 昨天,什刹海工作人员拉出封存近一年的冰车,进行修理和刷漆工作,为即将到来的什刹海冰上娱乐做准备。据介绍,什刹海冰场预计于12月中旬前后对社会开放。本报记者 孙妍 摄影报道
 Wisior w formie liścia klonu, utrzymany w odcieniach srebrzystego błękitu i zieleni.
==
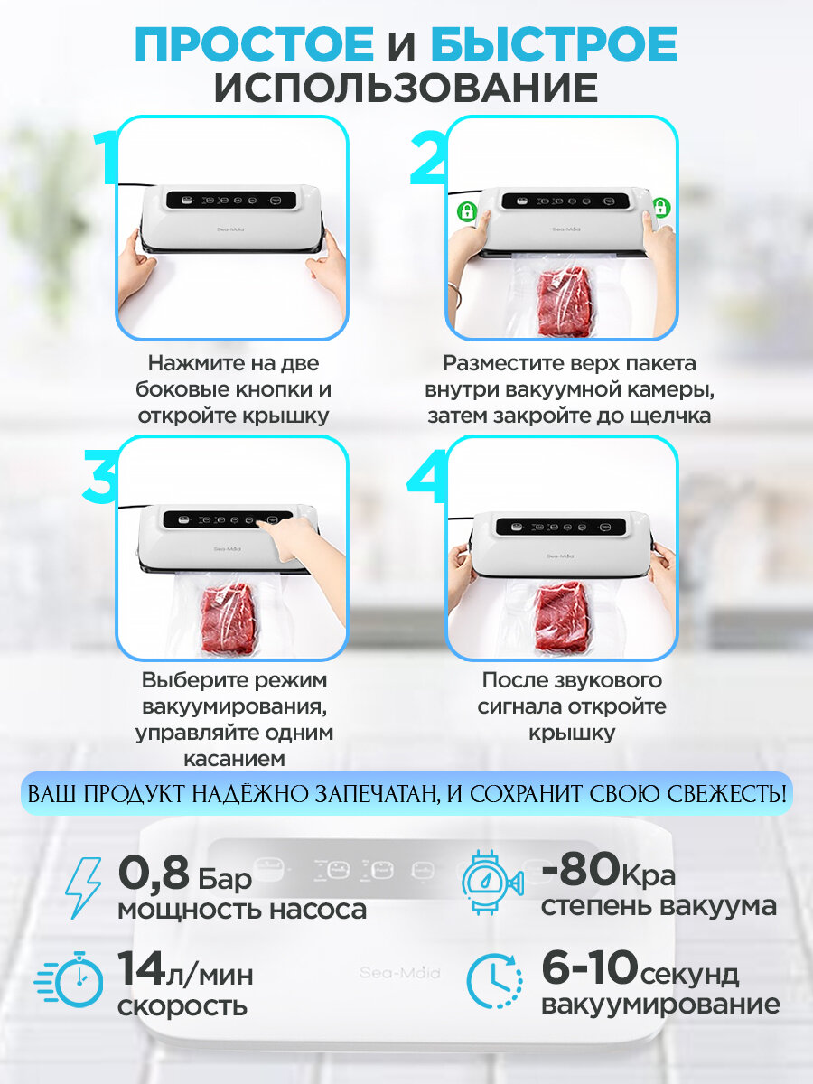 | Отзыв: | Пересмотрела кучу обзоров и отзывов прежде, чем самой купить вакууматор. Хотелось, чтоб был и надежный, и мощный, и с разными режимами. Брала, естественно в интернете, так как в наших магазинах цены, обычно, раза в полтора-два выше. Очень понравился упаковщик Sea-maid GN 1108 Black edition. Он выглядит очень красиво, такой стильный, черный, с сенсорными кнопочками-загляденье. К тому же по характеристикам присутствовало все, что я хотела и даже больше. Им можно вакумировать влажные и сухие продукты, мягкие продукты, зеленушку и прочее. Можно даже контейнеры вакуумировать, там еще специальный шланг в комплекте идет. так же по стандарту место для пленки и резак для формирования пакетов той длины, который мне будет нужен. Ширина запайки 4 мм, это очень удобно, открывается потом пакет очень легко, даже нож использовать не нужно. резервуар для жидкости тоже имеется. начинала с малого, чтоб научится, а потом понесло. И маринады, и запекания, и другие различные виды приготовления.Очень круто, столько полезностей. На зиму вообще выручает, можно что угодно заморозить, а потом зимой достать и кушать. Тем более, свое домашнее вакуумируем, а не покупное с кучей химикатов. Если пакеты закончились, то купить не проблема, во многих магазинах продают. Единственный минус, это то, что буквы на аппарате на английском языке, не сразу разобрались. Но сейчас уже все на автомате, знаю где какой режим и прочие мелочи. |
==
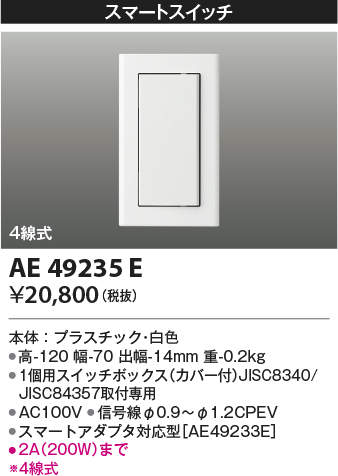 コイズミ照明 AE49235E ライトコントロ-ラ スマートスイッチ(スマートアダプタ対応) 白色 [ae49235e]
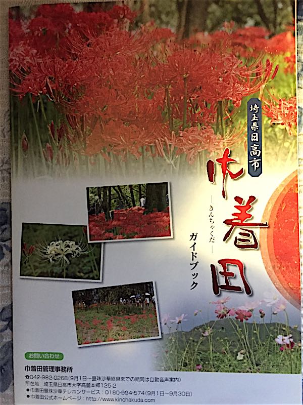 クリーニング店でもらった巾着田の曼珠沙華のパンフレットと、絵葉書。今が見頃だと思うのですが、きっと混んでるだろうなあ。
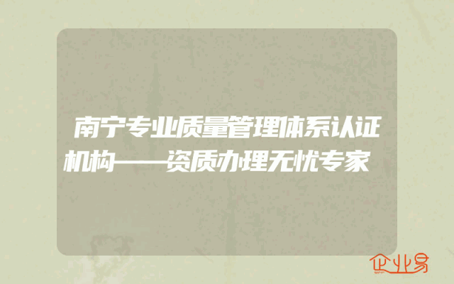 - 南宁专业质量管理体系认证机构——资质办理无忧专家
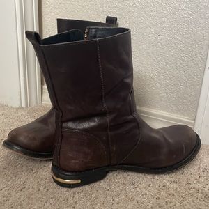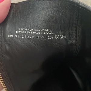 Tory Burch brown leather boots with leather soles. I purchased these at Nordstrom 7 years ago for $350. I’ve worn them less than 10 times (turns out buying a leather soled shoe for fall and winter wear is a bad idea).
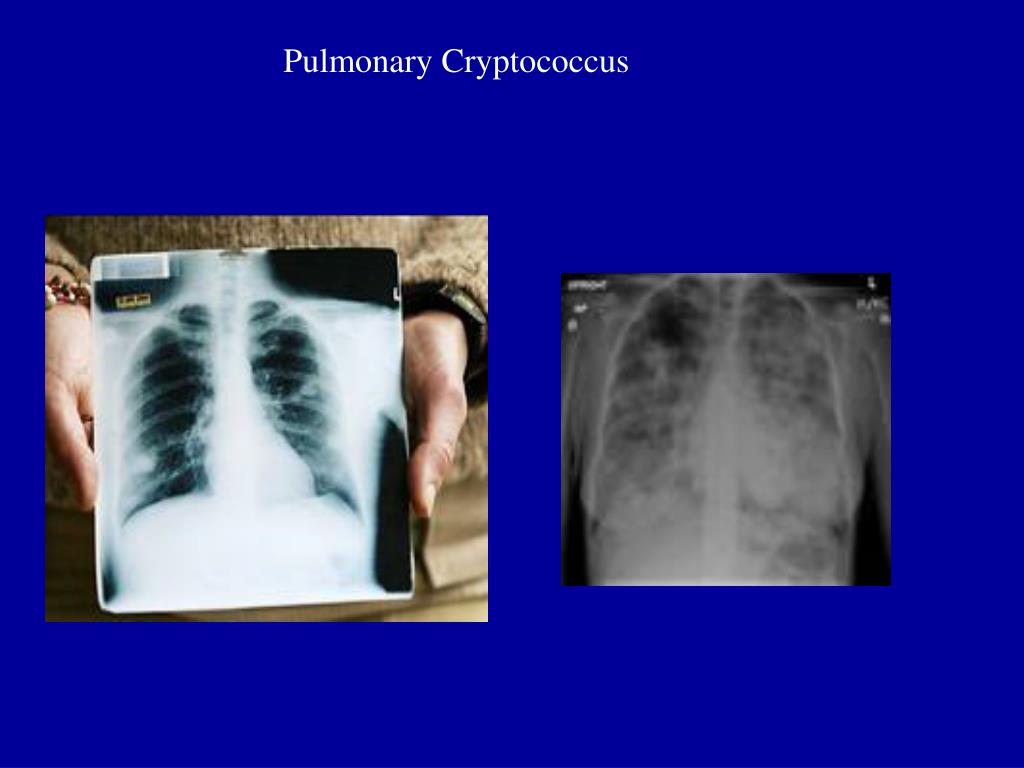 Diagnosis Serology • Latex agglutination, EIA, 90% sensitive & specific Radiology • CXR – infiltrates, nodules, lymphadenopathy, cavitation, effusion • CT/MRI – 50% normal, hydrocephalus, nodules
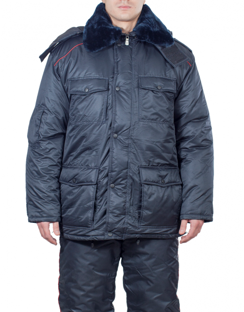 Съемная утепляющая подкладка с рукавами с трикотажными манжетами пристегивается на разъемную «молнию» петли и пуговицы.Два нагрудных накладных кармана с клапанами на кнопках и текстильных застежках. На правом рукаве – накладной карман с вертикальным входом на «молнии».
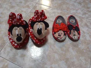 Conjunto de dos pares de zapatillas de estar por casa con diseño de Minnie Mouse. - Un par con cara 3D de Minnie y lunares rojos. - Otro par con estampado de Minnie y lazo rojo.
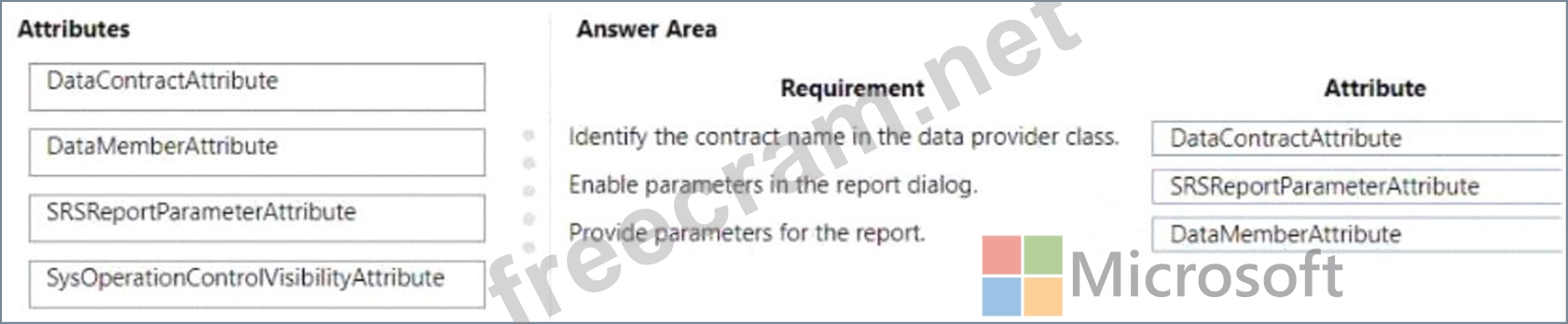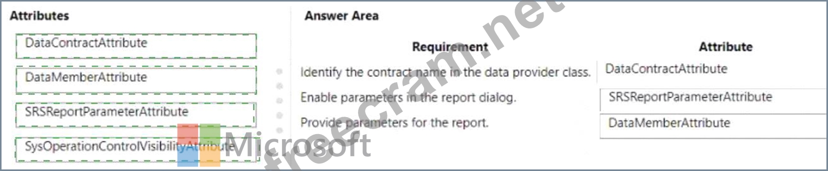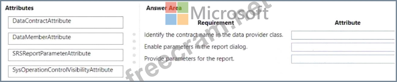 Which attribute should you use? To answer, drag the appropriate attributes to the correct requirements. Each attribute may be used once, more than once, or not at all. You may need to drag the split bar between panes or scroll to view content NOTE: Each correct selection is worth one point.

- _TO DO_
Would you restate, exactly and with no pictures, the lines of the entries above from the one containing "Съемная утепляющая подкладка" through the one containing "Conjunto de dos"?

- _RESPONSE TO THE TASK_
 Съемная утепляющая подкладка с рукавами с трикотажными манжетами пристегивается на разъемную «молнию» петли и пуговицы.Два нагрудных накладных кармана с клапанами на кнопках и текстильных застежках. На правом рукаве – накладной карман с вертикальным входом на «молнии».
 Conjunto de dos pares de zapatillas de estar por casa con diseño de Minnie Mouse. - Un par con cara 3D de Minnie y lunares rojos. - Otro par con estampado de Minnie y lazo rojo.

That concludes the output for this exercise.